Il en va de même pour l’approche post-humaniste de la nature, qui prétend être sur la voie de la découverte d’une mutabilité fondamentale de l’être humain, mais qui maintient la naturalisation de ce qui doit être amélioré. Bien sûr, la logique même de l’amélioration s’inscrit directement dans notre ordre contemporain, qu’elle prétend combattre.

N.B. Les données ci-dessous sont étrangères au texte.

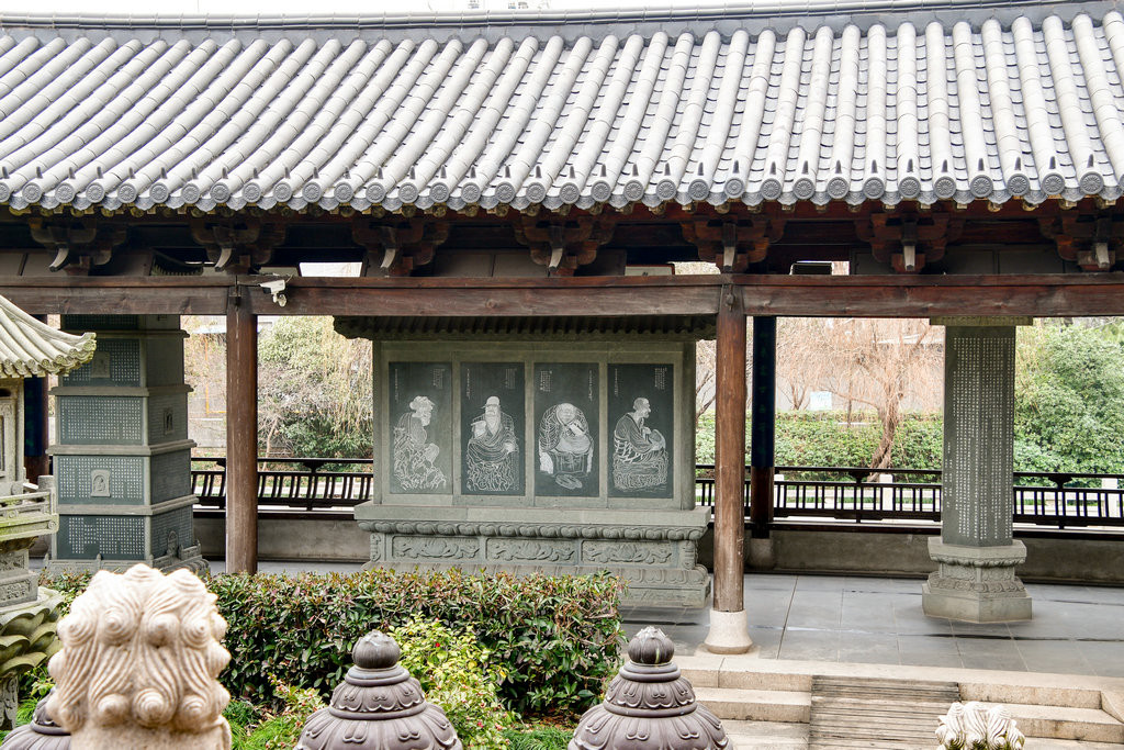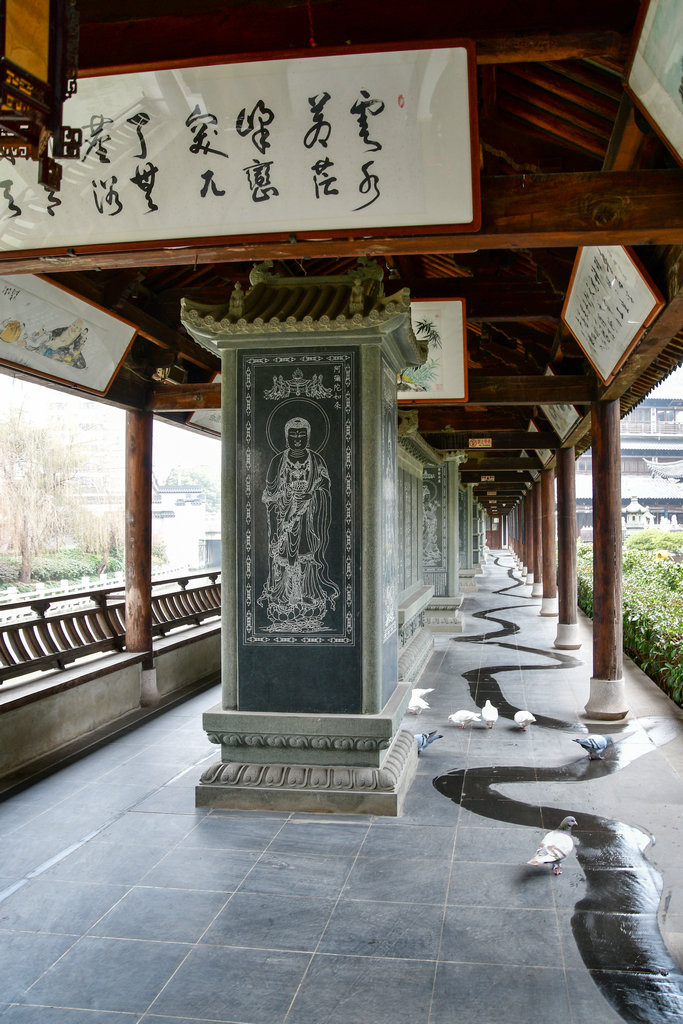 石碑雕刻选题通过佛教千年文脉的梳理,选择其精华部分为题材,配以古今诸多名家之手笔,具有较高的佛教文化艺术之观赏性。碑廊新建碑廊现在不多见,除非古碑廊,说明住持是有眼光的。在廊檐内侧悬有各类当代禅意书画作品,这个佛教文化长廊是真如寺的一大特色亮点。

Afin de fonctionner en interne, en tant que doctrines de pensée politique philosophique, ces deux disciplines doivent maintenir une certaine zone d’exception. Afin de « renoncer à la tentative futile de dissocier l’humain du non-humain », Bennett souhaite conserver précisément ce qui, tout au long de l’histoire de la philosophie, a fait de l’être humain une zone d’exception : la capacité d’agir et l’opérativité. C’est précisément cela qui doit faire l’objet d’une insurrection généalogique. Bennett elle-même admet que « son conatus » ne lui permettra pas « d’horizontaliser complètement le monde ». Il sera désormais seulement horizontalisé selon les lignes de la capacité. Nous sommes tous des machines à capacités dans le cadre écologique. Dans le post-humain, c’est en exploitant ces capacités que nous pouvons « transcender » l’humain.
Ce sont là des modes de représentation du monde qui ne sont possibles que si l’on adopte un cadre de pensée validiste. Le handicap est l’appareil qui répond à cette crise. Dans ce monde du dividu, c’est précisément le sujet handicapé qui doit être un sujet raté afin de maintenir l’ordre des choses qui prétend les avoir dissoutes. La philosophie servira toujours le pouvoir si elle cherche un point constitutif sur lequel elle peut fonder un système d’intelligibilité et de manipulabilité.